ASSIGNED TASK
Could you retype exactly the lines below between the one holding "Kapealle tytön jalalle" and the one holding "4)開換補(bǔ)償型數(s", inclusive, leaving out any pictures?

[RECORDS Boundary: Start]

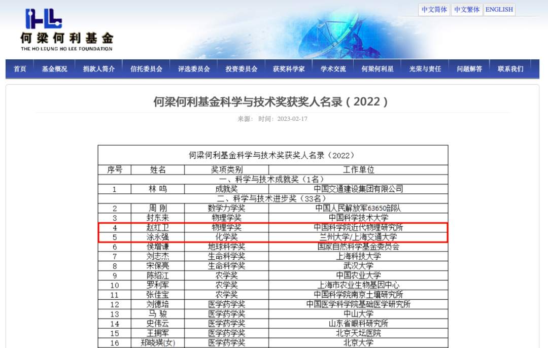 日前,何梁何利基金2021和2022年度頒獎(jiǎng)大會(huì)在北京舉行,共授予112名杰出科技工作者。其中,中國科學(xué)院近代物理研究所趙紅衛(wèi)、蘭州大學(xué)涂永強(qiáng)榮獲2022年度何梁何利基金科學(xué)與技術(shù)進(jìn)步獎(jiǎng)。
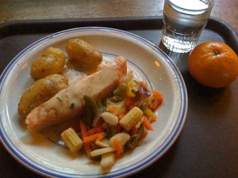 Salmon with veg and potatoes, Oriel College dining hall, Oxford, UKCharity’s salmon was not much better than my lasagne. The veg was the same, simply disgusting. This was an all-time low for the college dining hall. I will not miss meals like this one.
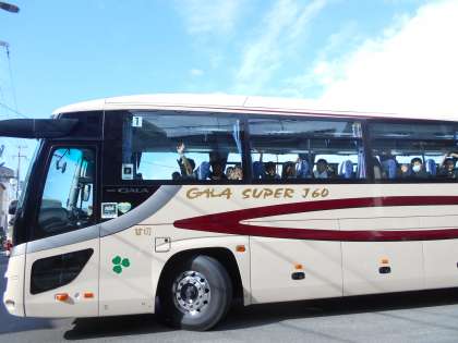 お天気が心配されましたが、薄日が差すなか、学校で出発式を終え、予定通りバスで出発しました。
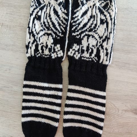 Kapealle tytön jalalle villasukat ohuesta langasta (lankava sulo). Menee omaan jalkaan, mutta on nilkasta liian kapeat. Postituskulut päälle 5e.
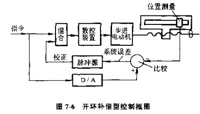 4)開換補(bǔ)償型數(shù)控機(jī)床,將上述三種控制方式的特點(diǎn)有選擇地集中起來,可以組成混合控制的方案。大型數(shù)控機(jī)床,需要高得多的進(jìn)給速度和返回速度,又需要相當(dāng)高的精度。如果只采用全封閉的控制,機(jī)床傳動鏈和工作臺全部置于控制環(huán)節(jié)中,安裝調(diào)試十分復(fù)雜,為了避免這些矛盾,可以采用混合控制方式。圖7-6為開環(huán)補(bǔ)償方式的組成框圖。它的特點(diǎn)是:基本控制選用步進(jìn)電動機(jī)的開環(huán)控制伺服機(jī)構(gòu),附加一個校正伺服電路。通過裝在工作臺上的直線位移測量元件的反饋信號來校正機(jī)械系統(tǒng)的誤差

[RECORDS Boundary: End]
[RECORDS Boundary: Start]

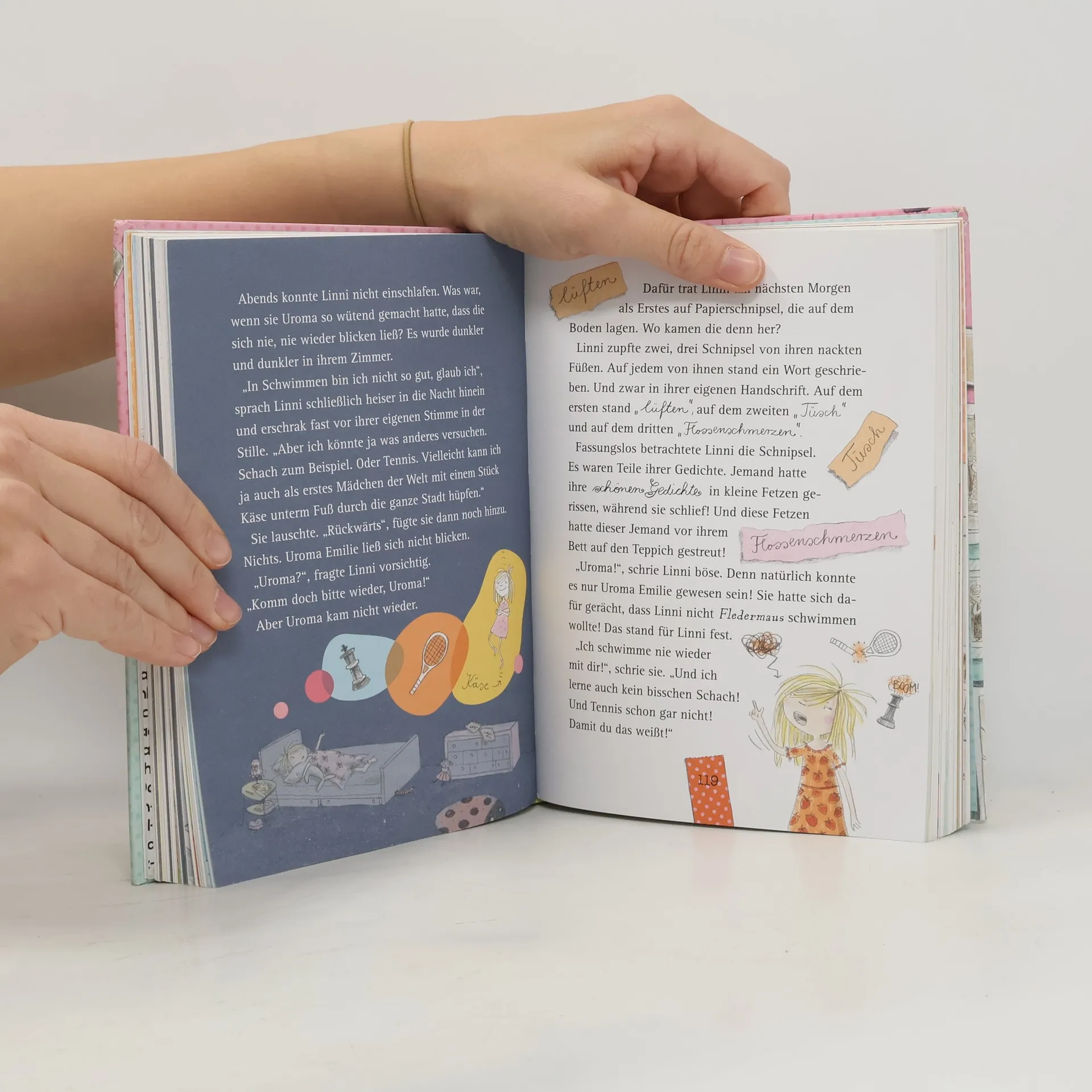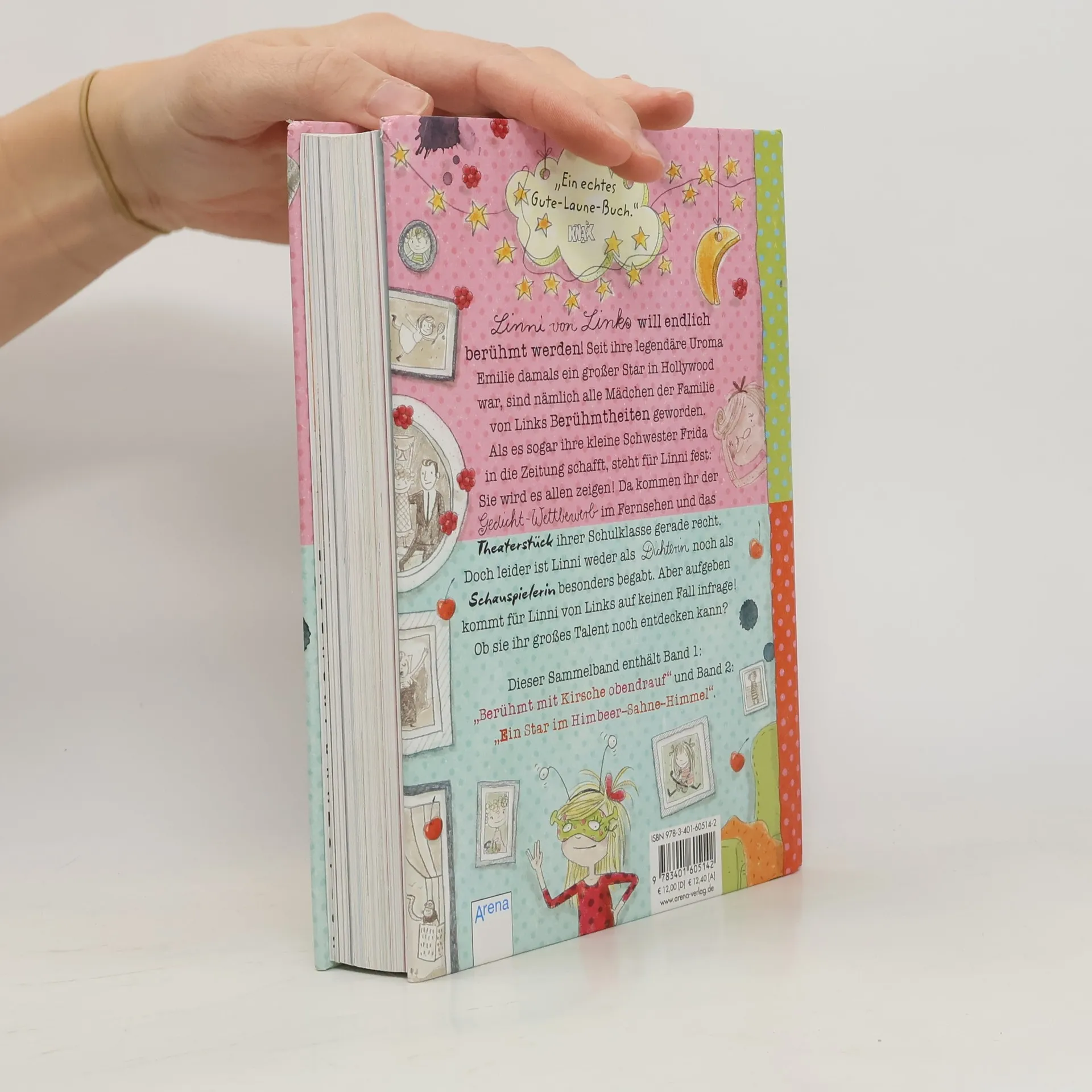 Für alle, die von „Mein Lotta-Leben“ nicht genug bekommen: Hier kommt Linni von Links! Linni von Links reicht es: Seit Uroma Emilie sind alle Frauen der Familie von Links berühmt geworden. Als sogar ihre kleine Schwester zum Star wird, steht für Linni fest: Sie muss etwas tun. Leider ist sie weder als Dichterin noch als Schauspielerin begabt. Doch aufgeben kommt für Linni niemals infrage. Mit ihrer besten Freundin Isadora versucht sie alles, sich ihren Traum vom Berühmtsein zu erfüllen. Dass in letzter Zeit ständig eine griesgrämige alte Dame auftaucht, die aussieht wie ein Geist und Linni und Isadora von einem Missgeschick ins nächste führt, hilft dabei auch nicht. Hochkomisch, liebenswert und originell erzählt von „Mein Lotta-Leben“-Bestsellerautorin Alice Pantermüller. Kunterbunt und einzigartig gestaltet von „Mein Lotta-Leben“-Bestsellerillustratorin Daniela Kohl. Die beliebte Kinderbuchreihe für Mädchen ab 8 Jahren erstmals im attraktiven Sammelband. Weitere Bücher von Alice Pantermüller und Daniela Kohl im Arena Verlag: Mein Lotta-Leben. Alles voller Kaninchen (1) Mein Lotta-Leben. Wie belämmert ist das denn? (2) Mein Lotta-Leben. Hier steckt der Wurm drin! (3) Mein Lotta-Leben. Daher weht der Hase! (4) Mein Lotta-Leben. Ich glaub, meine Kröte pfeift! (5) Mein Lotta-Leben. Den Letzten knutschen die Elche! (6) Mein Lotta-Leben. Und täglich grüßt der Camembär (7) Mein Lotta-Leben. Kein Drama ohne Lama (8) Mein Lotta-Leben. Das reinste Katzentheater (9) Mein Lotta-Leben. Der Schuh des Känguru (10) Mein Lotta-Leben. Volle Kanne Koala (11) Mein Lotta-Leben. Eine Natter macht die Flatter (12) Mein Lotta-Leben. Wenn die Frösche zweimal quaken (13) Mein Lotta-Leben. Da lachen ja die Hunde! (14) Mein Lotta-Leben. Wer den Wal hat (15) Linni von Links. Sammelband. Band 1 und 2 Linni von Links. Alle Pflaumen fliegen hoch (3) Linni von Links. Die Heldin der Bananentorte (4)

[RECORDS Boundary: End]

EXPECTED OUTPUT
 Kapealle tytön jalalle villasukat ohuesta langasta (lankava sulo). Menee omaan jalkaan, mutta on nilkasta liian kapeat. Postituskulut päälle 5e.
 4)開換補(bǔ)償型數(shù)控機(jī)床,將上述三種控制方式的特點(diǎn)有選擇地集中起來,可以組成混合控制的方案。大型數(shù)控機(jī)床,需要高得多的進(jìn)給速度和返回速度,又需要相當(dāng)高的精度。如果只采用全封閉的控制,機(jī)床傳動鏈和工作臺全部置于控制環(huán)節(jié)中,安裝調(diào)試十分復(fù)雜,為了避免這些矛盾,可以采用混合控制方式。圖7-6為開環(huán)補(bǔ)償方式的組成框圖。它的特點(diǎn)是:基本控制選用步進(jìn)電動機(jī)的開環(huán)控制伺服機(jī)構(gòu),附加一個校正伺服電路。通過裝在工作臺上的直線位移測量元件的反饋信號來校正機(jī)械系統(tǒng)的誤差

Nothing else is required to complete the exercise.